───── THE DATA ─────
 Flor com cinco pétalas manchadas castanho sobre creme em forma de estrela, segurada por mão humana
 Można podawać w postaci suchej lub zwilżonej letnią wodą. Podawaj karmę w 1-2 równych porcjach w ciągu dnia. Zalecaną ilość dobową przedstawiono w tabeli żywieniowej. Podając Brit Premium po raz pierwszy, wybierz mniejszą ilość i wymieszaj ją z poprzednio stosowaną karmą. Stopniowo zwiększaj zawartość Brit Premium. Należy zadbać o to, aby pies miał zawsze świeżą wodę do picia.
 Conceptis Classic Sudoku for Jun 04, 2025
─────
───── THE DATA ─────
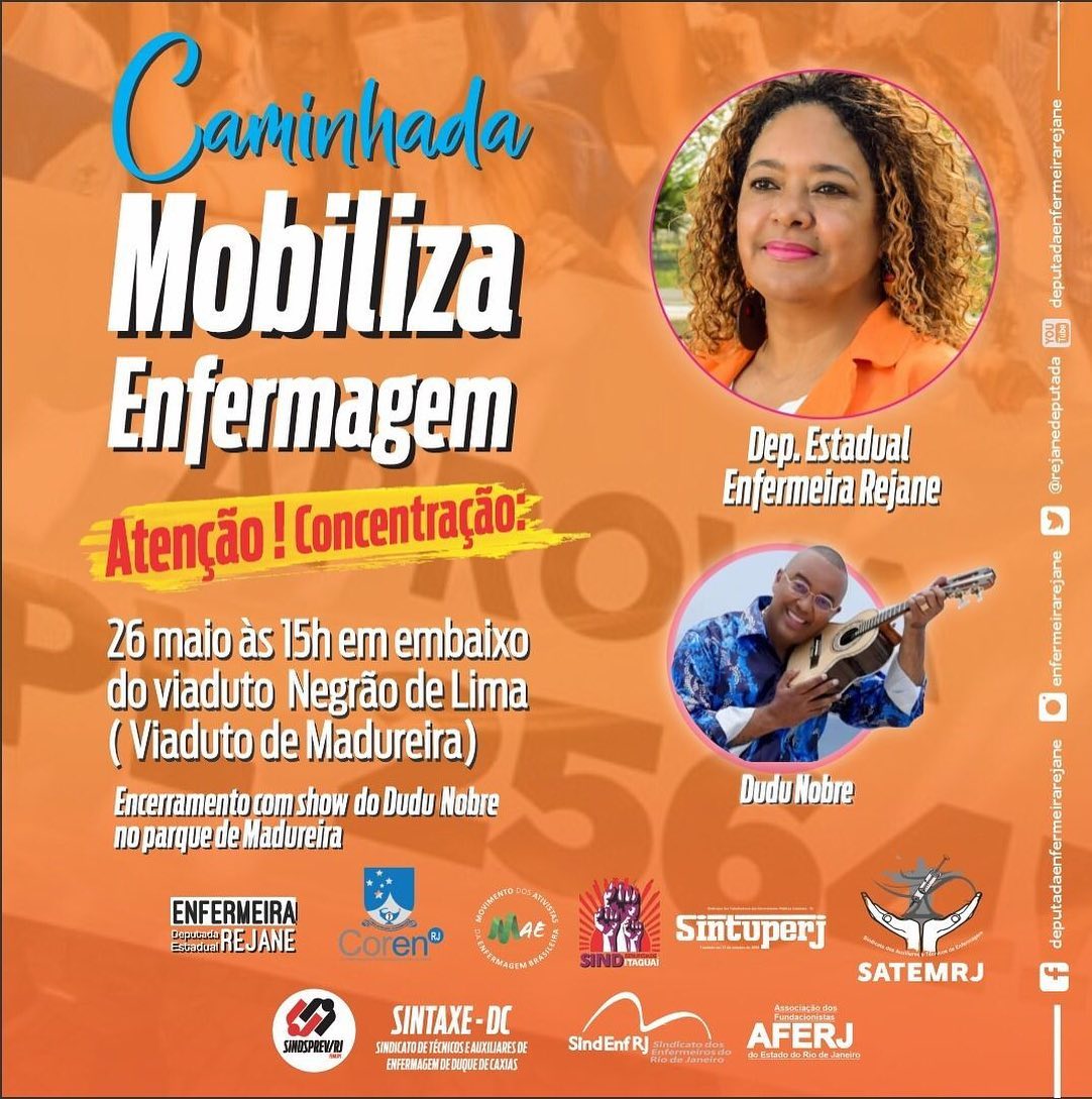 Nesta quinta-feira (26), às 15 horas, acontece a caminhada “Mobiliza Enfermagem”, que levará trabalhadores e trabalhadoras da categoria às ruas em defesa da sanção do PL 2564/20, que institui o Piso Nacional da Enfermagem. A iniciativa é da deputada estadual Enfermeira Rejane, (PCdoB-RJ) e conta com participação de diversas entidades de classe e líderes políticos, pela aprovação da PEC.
─────
WHAT YOU WILL DO ->
Everything starting at the line containing "Flor com cinco" and ending at the line containing "Conceptis Classic Sudoku for Jun 04, 2025" in the records above should be repeated exactly, and only that.

RESULT ->
 Flor com cinco pétalas manchadas castanho sobre creme em forma de estrela, segurada por mão humana
 Można podawać w postaci suchej lub zwilżonej letnią wodą. Podawaj karmę w 1-2 równych porcjach w ciągu dnia. Zalecaną ilość dobową przedstawiono w tabeli żywieniowej. Podając Brit Premium po raz pierwszy, wybierz mniejszą ilość i wymieszaj ją z poprzednio stosowaną karmą. Stopniowo zwiększaj zawartość Brit Premium. Należy zadbać o to, aby pies miał zawsze świeżą wodę do picia.
 Conceptis Classic Sudoku for Jun 04, 2025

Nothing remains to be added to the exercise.